Islamabad: Pakistan is considering offering tax breaks to various industries with export potential as it looks beyond textiles to boost outbound trade, an adviser to Prime Minister Imran Khan said.
Engineering, chemicals, technology and footwear are among 20 sectors identified for incentives, Abdul Razak Dawood, the commerce and investment adviser to the prime minister, said in an interview in Islamabad.
An export policy will be announced next month, he said.
Growing exports from the current over $20 billion a year is Pakistan’s plan to increase foreign exchange earnings and end a chronic boom-and-bust cycle. The South Asian nation was this year forced to turn to the International Monetary Fund for a bailout — its 13th since the late 1980s — to avoid a balance of payments crisis.
“I am in favour of limited time-bound incentives,” Dawood said, indicating a three- to four-year period for tax breaks. He opposed concessions for the textile industry, saying “they have gone to the point that it is a drug.”
Textiles currently account for about 60% of Pakistan’s total exports.
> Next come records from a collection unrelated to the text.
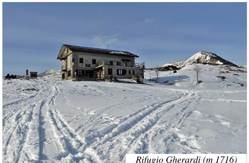
Rifugio Gherardi (m 1716)

Si ignora il primo bivio a sinistra, che conduce alla Baita Parafulmine, e si prosegue sulla strada principale. Anche ai successivi due bivi per il passo Baciamenti, si continua sulla strada, che ora scende rapidamente, fino a raggiungere il parcheggio.
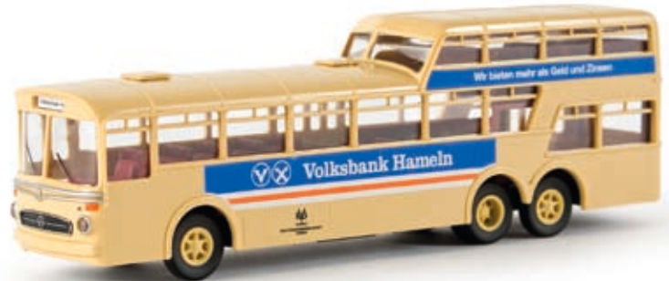
v 61015 MB O 317 Anderthalbdecker Bus "KVG Hameln/Volksbank", TD

Die Anderthalbdecker aus dem BREKINA-Programm erfahren erstmals eine Aufwertung zu TD-Modellen: Durch umfangreichere Bedruckung, hochwertigere Felgen und eine stabilere Verpackung werden die Klassiker aus den 60er-Jahren zu wahren Schmuckstücken!
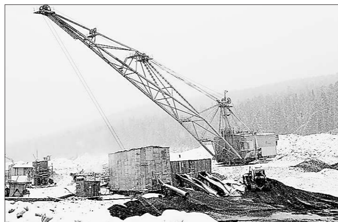
Экскаваторно-гидравлический комплекс – начало золотого потока

тая в состав Уральской горной компании (УГК) сохранила название в духе традиций: «Артель старателей «Южно-Заозёрский прииск». Но это совсем другие старатели. Они похвально отзываются о подведомственной им технике. Особенно драглайн нравится. Он вокруг себя может взять площадь 120 м в диаметре. И надёжный, год ходит без большого ремонта. К бульдозерам, правда, отношение сдержанное: ломаютесь!
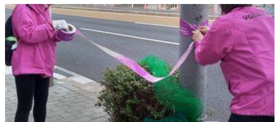
コーステープの取り付け作業をする
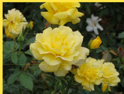
西 4 フリージア Freesia

A refreshing sweet scent reminiscent of fresh fruits such as peach and apple. Damask modern scent and unique ingredients of tea are mixed in an exquisite balance.
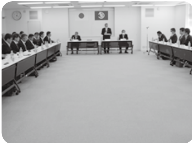
嘉島町役場で開かれた緑川改修期成会の総会

る堤防の崩壊を防ぐ訓練を展開。てきぱきとした動きを見せていました。ほかの自治体の水防団も土の積み、木流し工法などの演習を繰り返しました。緑川
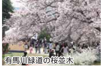
有馬川緑道の桜並木

有馬川緑道は、六甲山地から武庫川に合流するまで、有馬川に沿うように、1.3kmの緑道が整備された散歩道です。春は桜が咲き乱れ、地域の人たちの手作りのさくらまつりでにぎわいます。また、初夏にはたくさんのホタルが飛び交います。
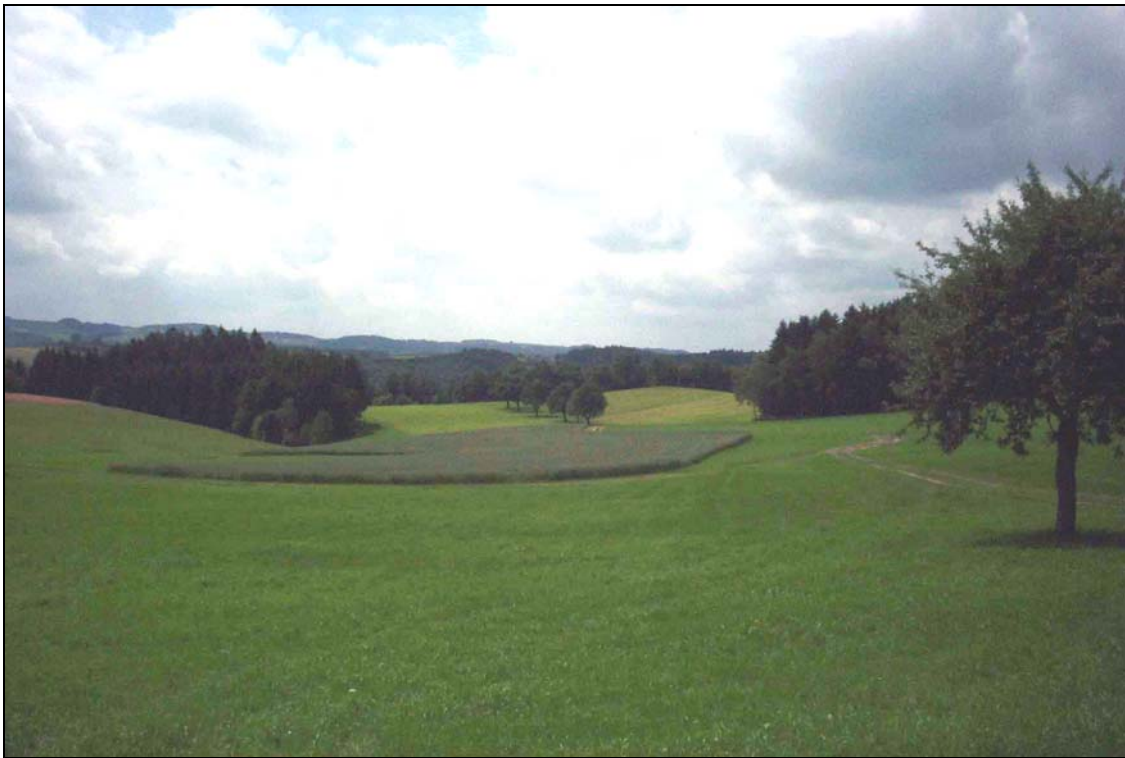
Abb. 5: Landschaft zwischen Stieberberg und Haiden (Teilgebiet 3), intensives kaum strukturiertes Grünland, wenige Obstbäume, das Oberflächenrelief und die Waldsilhouette der Hangwälder im Hintergrund strukturieren die Landschaft

The new plan complements the central bank’s aim to offer cheap credit to export-oriented industries to diversify that basket.
“If we want to go to $100 billion or $200 billion exports like Malaysia or Thailand, you ain’t gonna do it on textile,” said Dawood, who was previously chairman of Lahore-based Descon Engineering Ltd.
The nation’s exporters also stand to gain from the central bank’s move to devalue the currency by almost half, besides the government’s move to remove duty on some raw materials used for exports and lower utility prices.
Pakistan’s exports, particularly textiles, became competitive after the rupee’s devaluation and duty cuts, Dawood said, citing a 36% jump in quantity of garments shipments. “It means that we are getting market share, we are taking somebody’s market share.”
Pakistan’s trade deficit narrowed 33% to $9.7 billion in the five months to November, as imports dropped by 18% and exports rose 5% in the same period.
Dawood said he sees outbound shipments growing to $24.5-$25 billion this fiscal year ending June from $23 billion last year.
Pakistan is pinning hopes on a new free-trade agreement with China to grow overseas shipments by at least $500 million annually. The agreement, which takes effect next month, will help Islamabad reduce its trade gap with Beijing from the current $12 billion, according to data compiled by Bloomberg News.
Dawood said he is seeing interest from Chinese companies that want to set up factories in Pakistan and use them as a hub for exports.
The two bordering nations have gotten close in recent years with Pakistan being a flagship market for China’s Belt and Road Initiative. China planned to finance projects valued at $60 billion since 2015 and has helped end the nation’s chronic energy blackouts.
For low value added engineering products “we are much cheaper than China now,” Dawood said, adding that the plan for the next China international import exhibition is to have only an engineering pavilion. “We got to get out of the textiles syndrome.”